Anderson Sean A S, Kaushik Sachin, Matute Daniel R
School of Biological Sciences, Georgia Institute of Technology.
Department of Biology, University of North Carolina at Chapel Hill.
bioRxiv. 2024 Nov 30:2024.11.28.625927. doi: 10.1101/2024.11.28.625927.
A powerful but poorly understood analysis in ecology and evolutionary biology is the comparative study of lineage-pair traits. "Lineage-pair traits" are characters like 'diet niche overlap' and 'strength of reproductive isolation' that are defined for pairs of lineages instead of individual taxa. Comparative tests for causal relationships among such variables have led to groundbreaking insights in several classic studies, but the statistical validity of these analyses has been unclear due to the complex dependency structure of the data. Specifically, lineage-pair datasets contain non-independent observations, but studies to-date have relied on untested workarounds for data dependency rather than direct models of linear-pair covariance, and the statistical consequences of non-independence have not been thoroughly explored. Here we consider how evolutionary relatedness among taxa translates into non-independence among taxonomic pairs. We develop models by which phylogenetic signal in an underlying character generates covariance among pairs in a lineage-pair trait. We incorporate the resulting lineage-pair covariance matrix into a modified version of phylogenetic generalized least squares and a new beta regression model suitable for bounded response variables. Both models outperform previous approaches in simulation tests. We re-analyze two empirical datasets and find dramatic improvements in model fit and, in the case of avian hybridization data, an even stronger relationship between pair age and RI than revealed by standard linear regression. We present a new tool, the R package , to allow empiricists from a variety of biological fields to test relationships among pairwise-defined variables in a manner that is statistical robust and more straightforward to implement.

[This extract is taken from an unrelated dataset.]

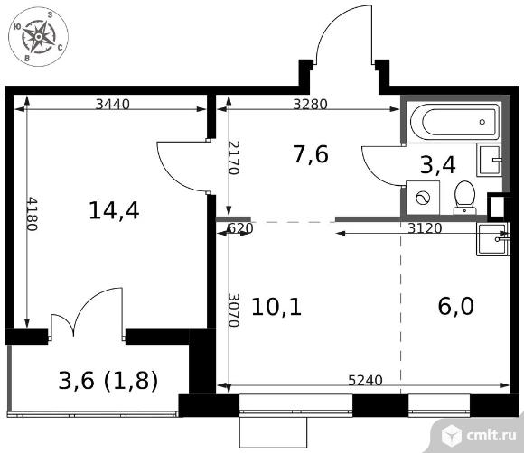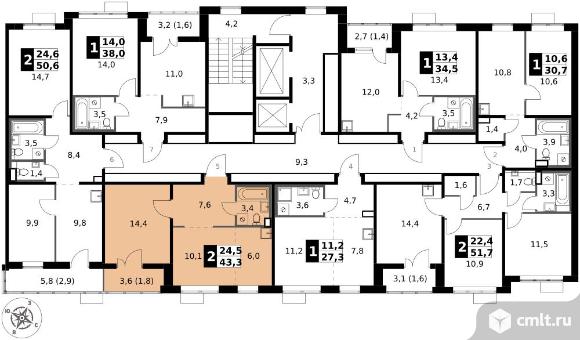 2-комнатная квартира 43,3 кв.м - ЖК "1-й Саларьевский"
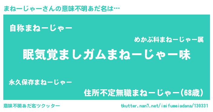| ヘコむあだ名 | 『まねーじゃー(爆)』『まねもー』 |

在生态学和进化生物学中,一种强大但尚未被充分理解的分析方法是对谱系对性状进行比较研究。“谱系对性状”是指像“饮食生态位重叠”和“生殖隔离强度”这样的特征,它们是为谱系对而非单个分类单元定义的。对这些变量之间因果关系的比较测试在一些经典研究中带来了开创性的见解,但由于数据复杂的依赖结构,这些分析的统计有效性一直不明确。具体而言,谱系对数据集包含非独立观测值,但迄今为止的研究依赖于未经检验的数据依赖解决方法,而非线性对协方差的直接模型,并且非独立性的统计后果尚未得到充分探索。在这里,我们考虑分类单元之间的进化相关性如何转化为分类对之间的非独立性。我们开发了一些模型,通过这些模型,潜在性状中的系统发育信号会在谱系对性状的对之间产生协方差。我们将由此产生的谱系对协方差矩阵纳入系统发育广义最小二乘法的修改版本以及一个适用于有界响应变量的新贝塔回归模型中。在模拟测试中,这两种模型都优于以前的方法。我们重新分析了两个实证数据集,发现模型拟合有了显著改进,并且就鸟类杂交数据而言,配对年龄与生殖隔离之间的关系比标准线性回归所揭示的更强。我们提出了一个新工具,即R包 ,以使来自各个生物学领域的实证研究人员能够以一种统计稳健且更易于实施的方式测试成对定义变量之间的关系。